For society: regulations and regulatory bodies need to consider the time and effort consumed with compliance. Over regulation and excessive delays makes society less responsive to threats and slower to improve and having a weaker slower growing economy over time means reduced capability. India has 3% economic growth for decades, instead of 8% growth that China and now India show was possible. India has 4-8 times less economic capacity now than they could have if bureaucracy and better economic policies were introduced earlier.

There is the technological solution to illegal immigration. The Smart-Dew sensor border in conjunction with border guards and minutemen volunteers. $10-100 million for 10 mile deep 2000 mile security system.

If groups have valid concerns and were truly motivated to fix them, then they would find a way to fix them even if someone said the end state a few decades from now is not extinction.

Just as if someone was to provide some proof that some people genetically could smoke and not die of cancer prematurely, but it would still make them sicker, weaker health and cause problems for those around them and be a pointless waste of money.

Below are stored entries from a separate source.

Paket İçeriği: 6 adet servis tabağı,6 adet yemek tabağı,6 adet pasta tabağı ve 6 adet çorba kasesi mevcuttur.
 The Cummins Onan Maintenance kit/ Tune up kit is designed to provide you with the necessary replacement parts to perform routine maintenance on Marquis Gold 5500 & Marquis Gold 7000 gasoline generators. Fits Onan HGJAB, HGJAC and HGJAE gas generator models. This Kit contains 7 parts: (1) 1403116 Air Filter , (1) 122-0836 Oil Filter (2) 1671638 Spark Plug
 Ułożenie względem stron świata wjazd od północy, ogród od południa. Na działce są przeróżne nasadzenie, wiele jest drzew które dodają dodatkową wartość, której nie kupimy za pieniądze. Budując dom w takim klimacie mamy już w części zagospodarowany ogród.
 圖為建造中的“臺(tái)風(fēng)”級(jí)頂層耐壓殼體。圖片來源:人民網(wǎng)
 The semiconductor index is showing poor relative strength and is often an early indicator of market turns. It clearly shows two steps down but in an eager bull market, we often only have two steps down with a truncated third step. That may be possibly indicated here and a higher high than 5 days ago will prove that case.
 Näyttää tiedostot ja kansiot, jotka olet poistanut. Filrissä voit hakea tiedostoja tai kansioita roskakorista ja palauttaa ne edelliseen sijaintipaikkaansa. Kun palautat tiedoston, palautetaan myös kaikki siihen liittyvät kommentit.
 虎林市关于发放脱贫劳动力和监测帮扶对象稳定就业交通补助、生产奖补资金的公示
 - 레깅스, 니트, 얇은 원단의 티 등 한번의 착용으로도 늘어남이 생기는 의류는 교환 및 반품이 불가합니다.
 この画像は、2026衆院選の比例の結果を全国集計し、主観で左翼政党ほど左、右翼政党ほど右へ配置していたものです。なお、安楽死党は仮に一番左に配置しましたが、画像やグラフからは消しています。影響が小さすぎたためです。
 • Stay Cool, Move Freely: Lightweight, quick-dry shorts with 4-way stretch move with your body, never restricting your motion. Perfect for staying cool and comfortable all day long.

Plus some could smoke for decades but could then quit and recover most of their health. They would still be more sick and poorer for decades. If someone was to take those statements and say see because you are not threatening me with death I will continue. Those people were not going to quit.

"If anything peoples attitudes, beliefs are too entrenched and not changing based on real facts and they do not seek out full information to base their decisions upon."

Yes. Exactly. That is a major part of the underlying problem. Until this, and everything that goes with it, changes, technical measures will be insufficient.